Dans le débat sur les contrats aidés, et pour sortir du registre des seules déclarations générales, j’ai voulu sur France Info ce matin pointer deux contradictions dans le discours du Gouvernement et poser un constat sur lequel nous retrouver toutes et tous.
D’abord, le Gouvernement reproche aux collectivités d’avoir recours à des contrats aidés, en les qualifiant d’emplois subventionnés et en disant que si le besoin existe, il faut créer un emploi pérenne. Or, c’est l’Etat qui – au fil du temps et depuis longtemps – impose aux collectivités de prendre en charge plus de services (comme les temps périscolaires) avec moins de moyens et en leur reprochant de ne pas assez maitriser leur masse salariale. Comment s »étonner du recours à ces outils de financement d’emplois d’insertion?
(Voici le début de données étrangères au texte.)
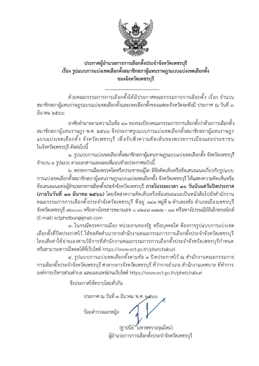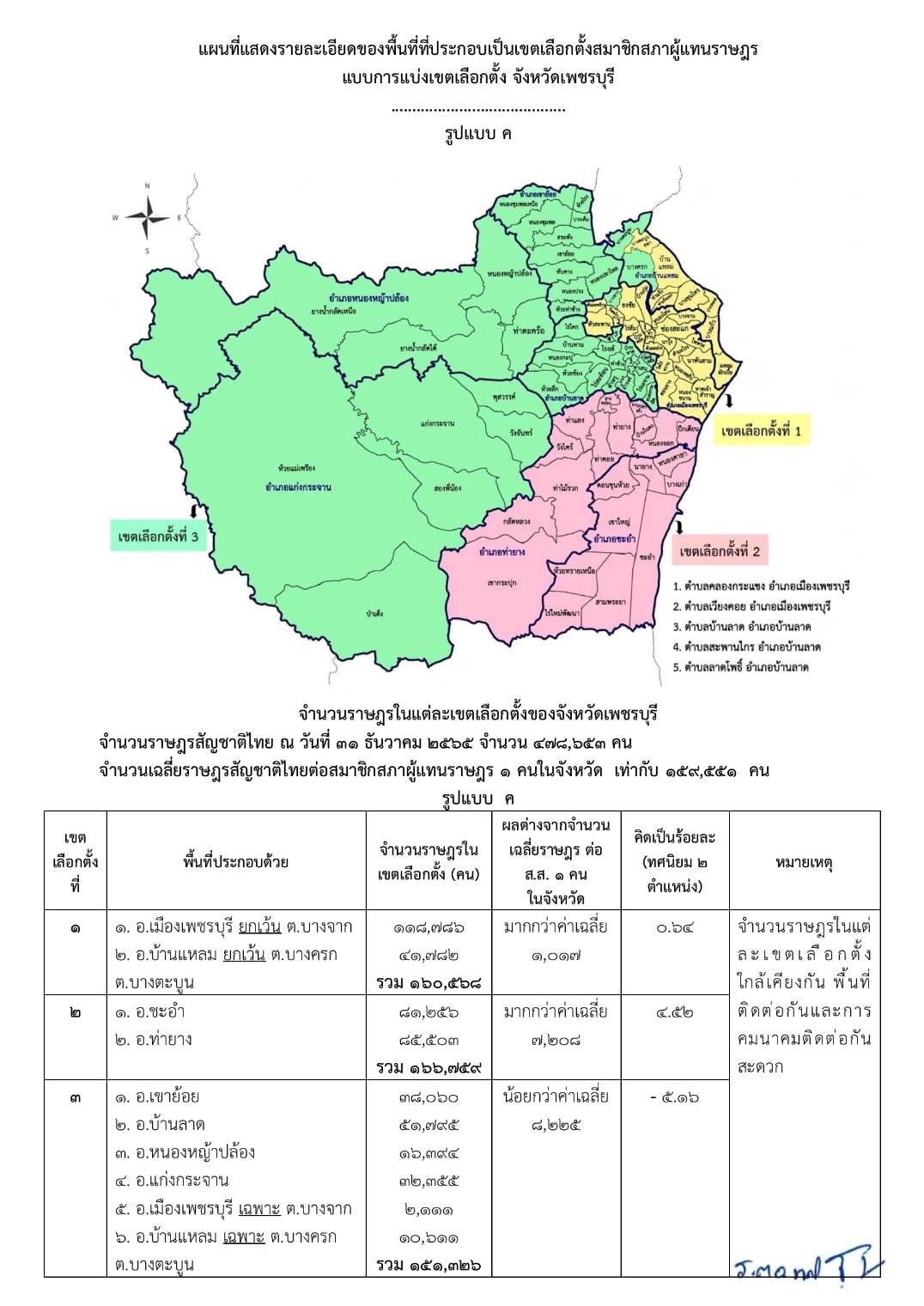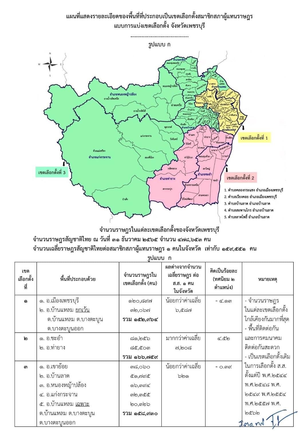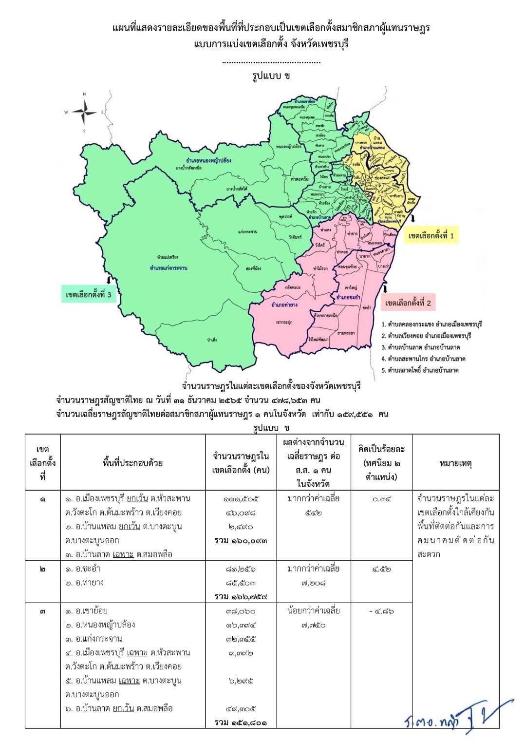 ประกาศรูปแบบการแบ่งเขตเลือกตั้งสมาชิกสภาผู้แทนราษฎรแบบแบ่งเขตเลือกตั้ง จังหวัดเพชรบุรี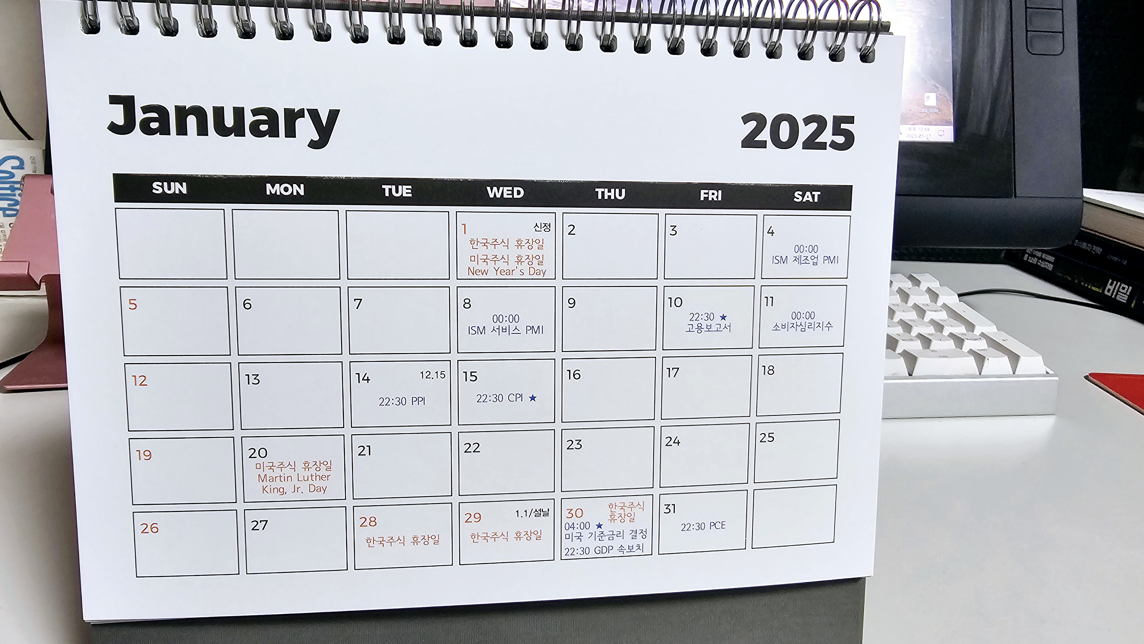 2025 주식 탁상 달력 미국 증시 일정 캘린더 - 데스크 캘린더 | 쿠팡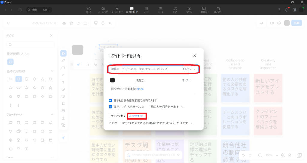 作成したホワイトボードの共有は「共有」ボタンから可能です。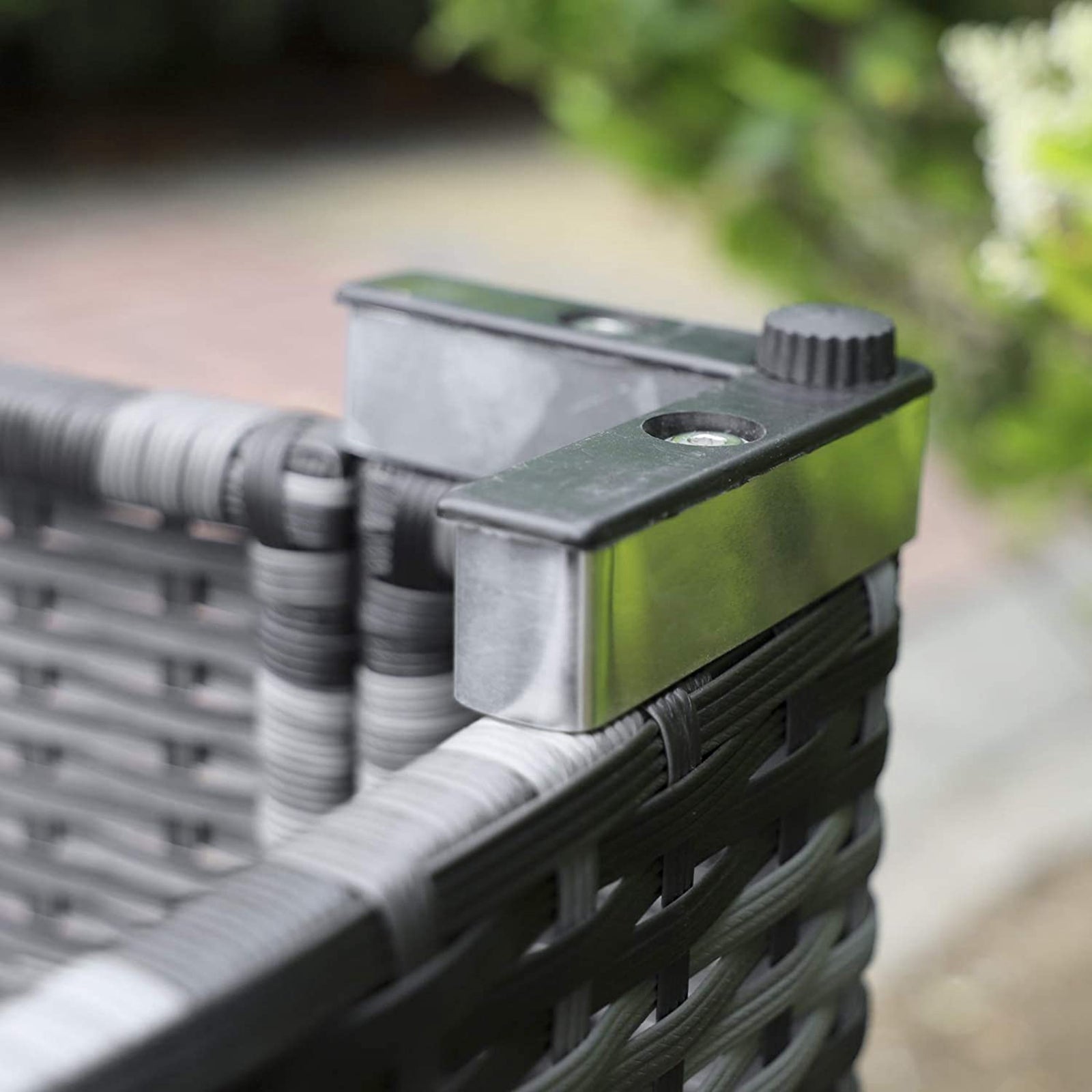 - Farbe: Poly Rattan in Hell- & Dunkel-Grau gemischt, Bezüge in Dunkelgrau (Die Farbe kann aufgrund Sonneneinstrahlung, Monitoreinstellung und Helligkeit abweichen!).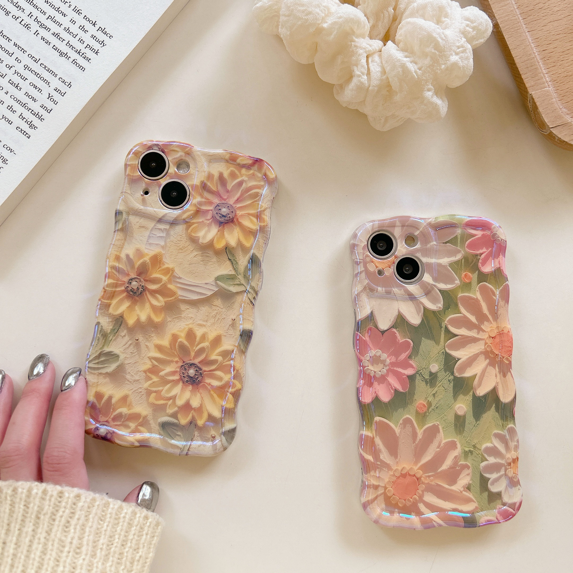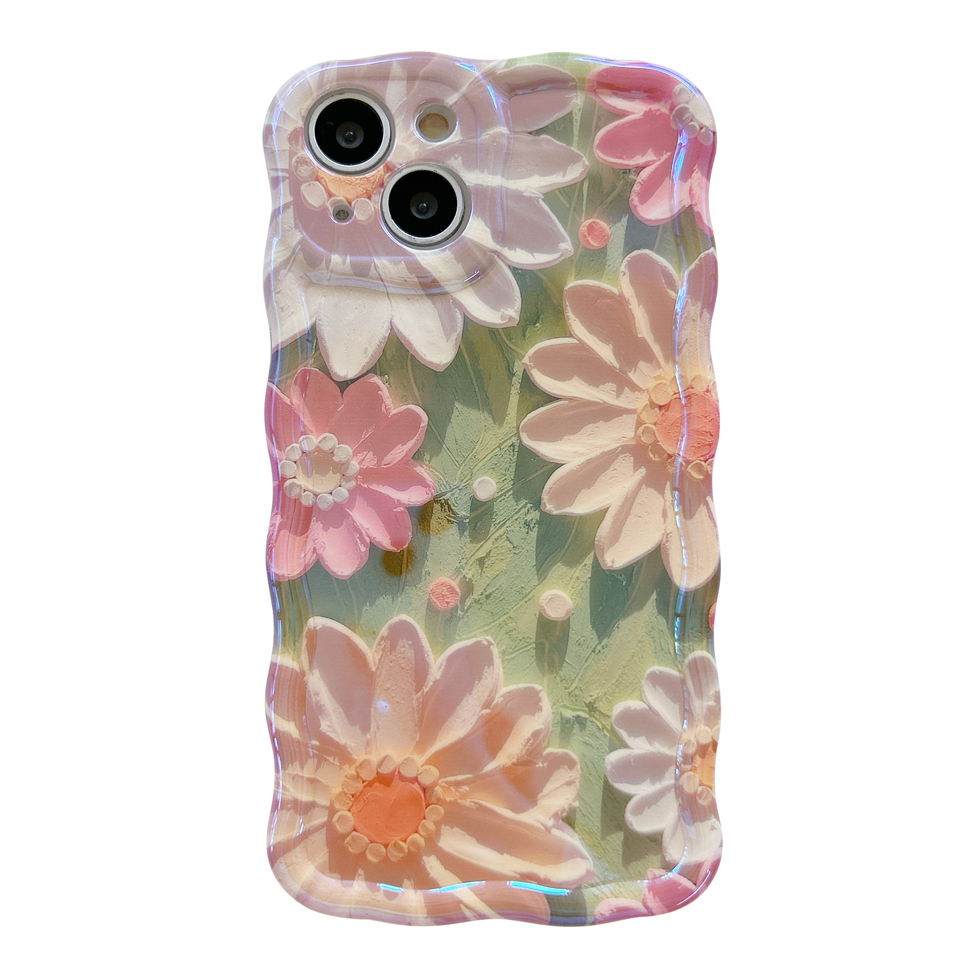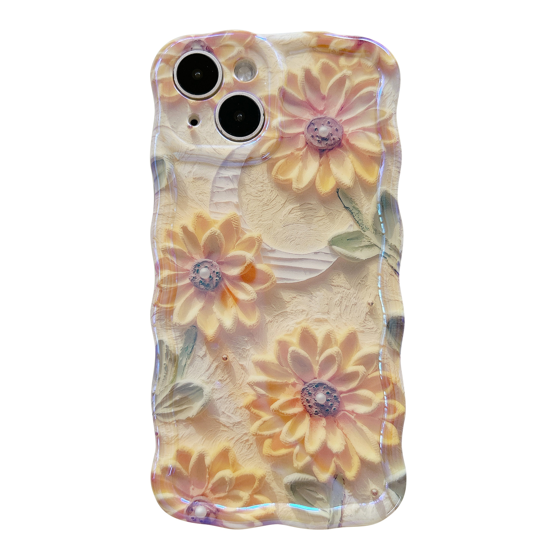 Accessories [Apple] iPhone14/13/12promax Wave Edge Blue Oil Painting Flowers Anti-drop Female New Phone Case

Ensuite, quand on prend connaissance des secteurs qui restent prioritaires comme la sécurité ou l’Education Nationale, et nous en sommes d’accord, cela signifie que le même Etat, qui reproche aux collectivités d’avoir recours à ce mode de financement des emplois, permettra à ses seules administrations centrales d’y avoir recours. Comme si la maitrise de la masse salariale de ces ministères par ce moyen étaient acceptable pour eux et pas pour les collectivités.


Enfin, un constat peut être partagé. Les emplois aidés existent depuis plus de trente ans et ils permettent avant tout le retour à l’emploi de personnes éloignées du monde du travail, ils ont aussi permis de solvabiliser des employeurs, tant des associations que des petites collectivités, qui n’auraient jamais eu et n’ont toujours pas les moyens de créer ces emplois dans le cadre du droit commun. C’est en réalité un modèle économique qui s’est installé, y compris avec l’objectif d’offrir des services en atténuant largement leur coût pour l’usager final dans le secteur public comme associatif. C’est le cas en matière de garderie, de sports ou d’accès à la culture, comme pour la recherche du plus faible « reste à charge » pour les persones âgées en établiseement. Cela renvoie d’ailleurs au débat sur le partage des coûts entre l’usager et le contribuable. Si ce constat est partagé, cela signifie que l’extinction ou la réduction m
assive d’un tel dispositif ne peut être ni brutale ni précipitée.